We are going to rollback to 24.1.10, because the problem seem to be related to the point where we update from 24.1 to 24.7, probably because of FreeBSD upgrade.

Just a thought here.
Quote from: maitops on December 06, 2024, 03:42:12 PM[kernel{hvevent1}] at 100% WCPU, we have also [kernel{hvevent3}]
suggests as I'm sure you can also see, a kernel event that has not completed processing in adequate time. That processing being kernel, needs to interact I imagine with the hypervysor. So it might be a problem between kernel (freeBSD) and hypervysor (Hyper-V).
Therefore you could take it to the freeBSD group but they typyically will request a test with a plain freeBSD kernel instead of a OPNSense one.
Suggestion if you can at all, change hypervysor and re-test.

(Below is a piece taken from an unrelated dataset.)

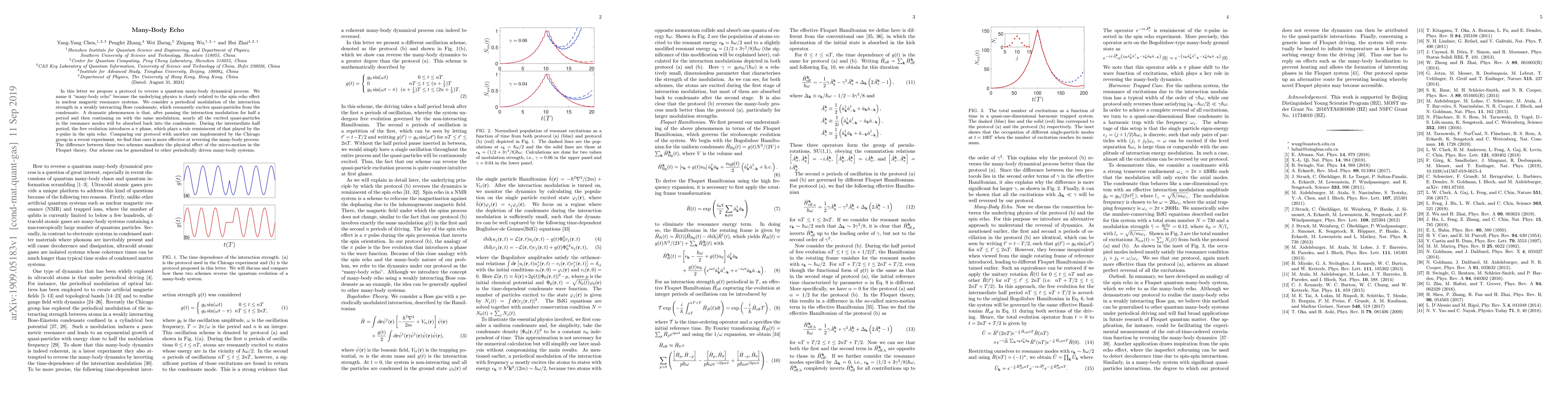 This paper proposes a "many-body echo" protocol to reverse quantum many-body dynamics, analogous to the spin echo effect. It demonstrates that modulating interaction strength in a Bose condensate can nearly reabsorb excited quasi-particles, showcasing a $\pi$ phase effect similar to the $\pi$-pulse in spin echo, and is more effective than a comparable protocol.

Hyper-V has to my knowledge never been a good bedfellow of freeBSD.

Quote from: cookiemonster on December 16, 2024, 11:01:35 AMJust a thought here.
Quote from: maitops on December 06, 2024, 03:42:12 PM[kernel{hvevent1}] at 100% WCPU, we have also [kernel{hvevent3}]
suggests as I'm sure you can also see, a kernel event that has not completed processing in adequate time. That processing being kernel, needs to interact I imagine with the hypervysor. So it might be a problem between kernel (freeBSD) and hypervysor (Hyper-V).
Therefore you could take it to the freeBSD group but they typyically will request a test with a plain freeBSD kernel instead of a OPNSense one.
Suggestion if you can at all, change hypervysor and re-test. Hyper-V has to my knowledge never been a good bedfellow of freeBSD.


Thanks for replying, sadly we don't know how to reproduce the bug, so we can't really simulate it in a non production environment with another hypervisor...

We went back in 24.1 even if its deprecated, to confirm if it's related to that. We have another Opnsense active/passive duo with HAProxy for the dev environment. The bug never appeared there, probably because the traffic is very low.